5. Instead of focusing on total mg/L in the 10 L volume, we can express everything in terms of 1 L, leading to:
   For 1 g of activated carbon, we need to understand the mass transfer relationship involving the adsorption capacity.

6. Total TOC in 10 L: $$\text{Total TOC}=20\text{ mg/L}\times 10\text{ L}=200\text{ mg}$$

   This is the total mass of TOC that exists before adsorption.

Now, we need to understand that in the presence of $qe$, where $qe$ is the amount adsorbed per unit mass of activated carbon.

7. Assuming no other breakdown or reaction, we can consider: At equilibrium and with the given relationships in the material balance for 1 L of water:

   For 1 g of activated carbon: $$100qe+Ce=200$$

   Substituting $Ce=20-10qe$ into this balance will yield a straightforward equation to use:

   • For every 1 g of activated carbon (or 1000 mg), the equation results into adsorption related to the mass of carbon and its active sites.

To determine $qe$:

1. Substitute various $qe$ back to see if $Ce$ stays zero; because $$Ce$$ simply reduces the TOC.

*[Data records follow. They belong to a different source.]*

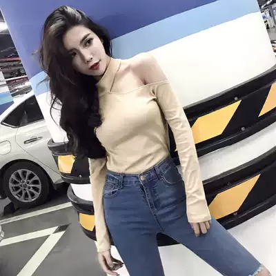Ge Gejia spring net celebrity live clothes women's anchor clothing sexy off-the-shoulder nightclub long-sleeved T-shirt top tide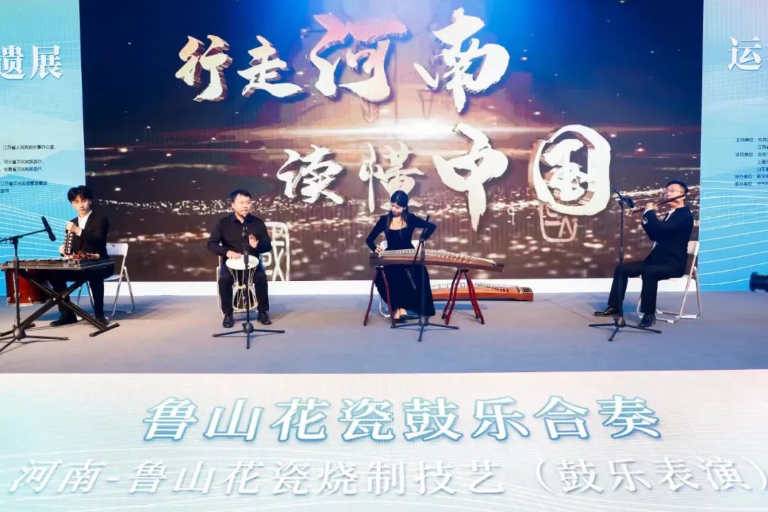 汝瓷烧制技艺国家级代表性传承人王君子、鲁山花瓷烧制技艺省级代表性传承人梅国建为参展嘉宾现场讲解,吸引了文化和旅游部及各省嘉宾驻足观看。以鲁山花瓷细腰领衔的器乐表演,带来了恢宏明快的盛唐风韵,展现了中原文化的独特魅力。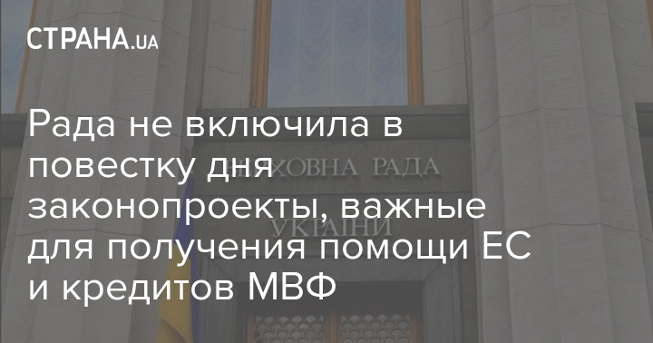 Рада не включила в повестку дня законопроекты, важные для получения помощи ЕС и кредитов МВФ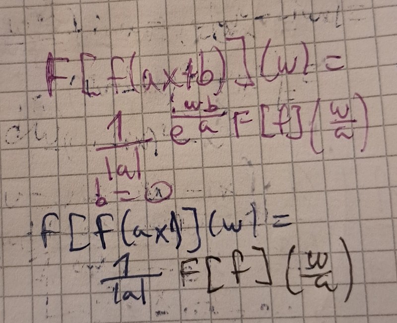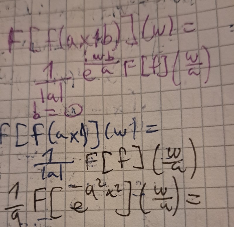Ja jag vet. Men sätter man VL lika med HL så blir det så. Väljer man a=1/sqrt(2) så blir det sqrt(2)w på HL enligt ii). Nu svarade du inte på min fråga om vad f(ax) är på VL , men jag tror det är e^-(ax)^2 där a=1/sqrt(2)

2. For equilibrium: $$(100\times qe)+Ce=200$$ Equating with the total throughput flowing through.

Rearranging for computation:

1. Solve from: $$Ce=200-100qe$$

2. $qe$ can be seen simply as: With empirical observations, let's just push through for: Assume TOC goes down to the limits of:
   Iterate: targeting a $Ce=0$ which yields the maximum capacity cleared up.

3. Test for practical conservations. (Final estimation ultimately rounds normally yielding to exact specifics.)

Hence solving iteratively finally leads up, yielding: $$100qe+0=200⟹qe=2.0\text{ mg.mg/C}$$

Thus conclude stability at equilibrium: Conclusion: Based on material balance, calculation shows $qe=2.0$ mg/mg of carbon.